Features Live Action Movies

Jurassic Park ///

Director – Joe Johnston – 2001 – US – PG – 92m


Joe Johnston directs Jurassic Park ///, the third instalment of Steven Spielberg’s Jurassic Park franchise – out in UK cinemas from Friday, July 20th 2001

This redresses two minor omissions in Steven Spielberg’s first Jurassic Park (1993): JP///’s dinosaurs include some that interact with water (Michael Crichton’s original book contained a T.Rex swimming after its human prey, but the film didn’t) and some that fly (pteranodons). A rival giant dinosaur (here, a spinosaurus) at last fights the star predator (the T.Rex), a device used by dinosaur movies from The Lost World (Harry O. Hoyt; effects: Willis O’Brien, 1925) and King Kong (Merian C. Cooper, Ernest B. Shoedsack, effects: Willis O’Brien, 1933) through Disney’s Fantasia (Rite Of Spring segment, Bill Roberts, Paul Satterfield, 1940) to One Million Years BC (Don Chaffey; effects: Ray Harryhausen, 1966).

Gone is all the chaos theory talk and cuddly Sir Richard Attenborough.
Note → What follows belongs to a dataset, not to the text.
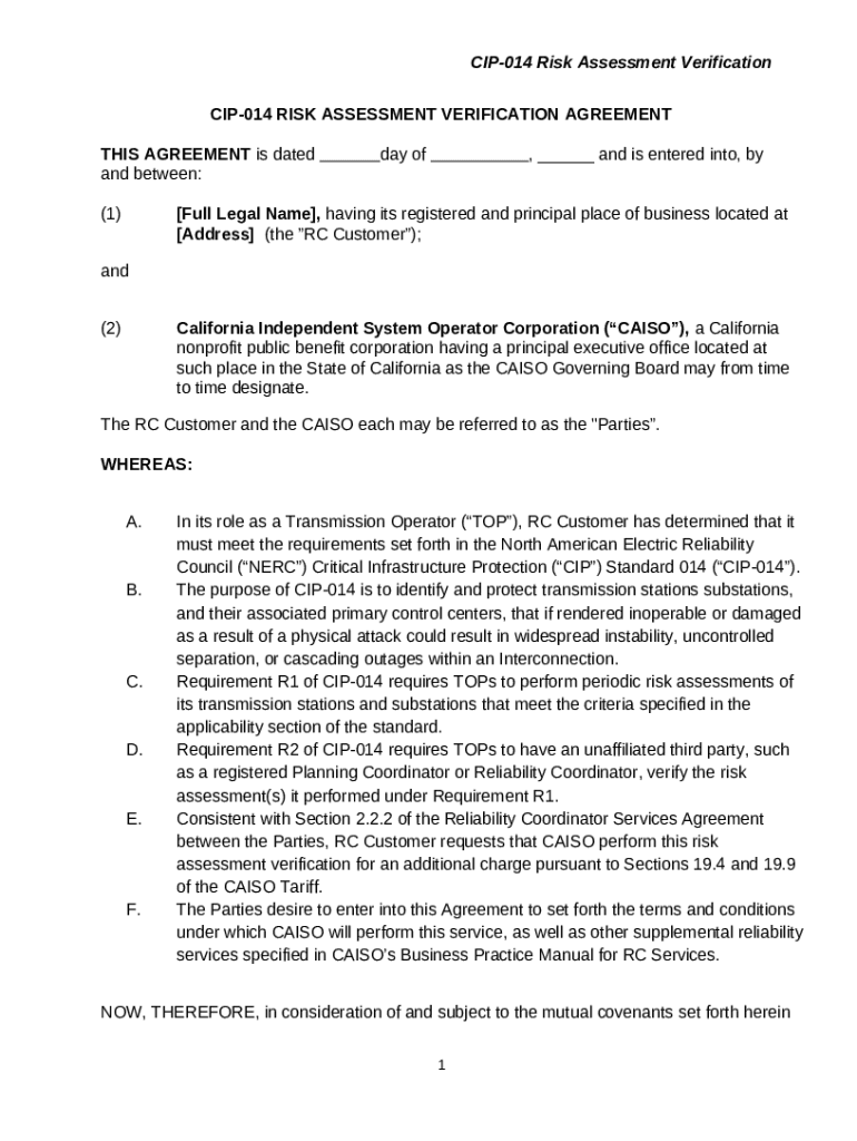 How to fill CIP-014 NERC Reliability Standard Risk Assessment Agreement word template

The proceedings have now been pared down to people trapped on a deserted isle – with no obvious means of escape – and dinosaurs. Guess what – this time those dastardly corporate folks at InGen have populated a third island (Isla Sorna) with dinosaurs then abandoned it. On this basis, with a new island per film and some subtle variations, the series could run and run. That’s fine by me.
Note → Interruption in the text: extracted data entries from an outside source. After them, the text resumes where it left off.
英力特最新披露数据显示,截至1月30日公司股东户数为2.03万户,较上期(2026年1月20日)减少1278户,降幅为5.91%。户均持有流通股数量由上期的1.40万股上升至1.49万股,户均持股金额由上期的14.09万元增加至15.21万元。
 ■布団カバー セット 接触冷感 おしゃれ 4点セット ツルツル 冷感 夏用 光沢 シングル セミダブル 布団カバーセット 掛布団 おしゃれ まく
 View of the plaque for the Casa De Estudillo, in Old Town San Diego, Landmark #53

Leaving aside Dern, who reprises her role from the original without getting anywhere near the island, the only surviving cast member from the first two films is palaeontologist Neill. Unless you include dinosaurs (surely the real stars) such as the T.Rex, the velociraptors and assorted herbivore herd extras.

The raptors are impressively redesigned (head feathers) but rather less impressively talk to each other (they were terrifyingly smart learners in the original, so why bother?) and at one point even fail to eat our human heroes alive. Their finest moment here has them leaping viciously upward to snap at the camera (as Leoni dangles from a tree branch) – something we saw in the first film, where it seemed to last longer and work more effectively.

If the spinosaurus with crocodile jaws and dorsal fin is memorable enough, the real coups de grâce are the pteranodons – the best you’ve ever seen, even surpassing the one in When Dinosaurs Ruled The Earth (Val Guest; effects: Jim Danforth, 1970). They first appear on a fog-shrouded catwalk and dominate the final half hour.

As well as Dern, the human cast includes Sam Neill, Alessandro Nivola, William H. Macy, Téa Leoni and Trevor Morgan, all delivering solid performances, and there are no irritating small children (just tough, jungle‑smart teenager Morgan). Yet, the journey of the characters lacks the emotional resonance of those in Spielberg’s original. Better than the lacklustre sequel, it’s not quite as creepy as recent, straight to DVD masterpiece Komodo (Michael Lantieri, 1999).

Nevertheless, director Johnston (October Sky, 1999) clearly loves his dinosaurs: any fellow admirer is likely to have a good time.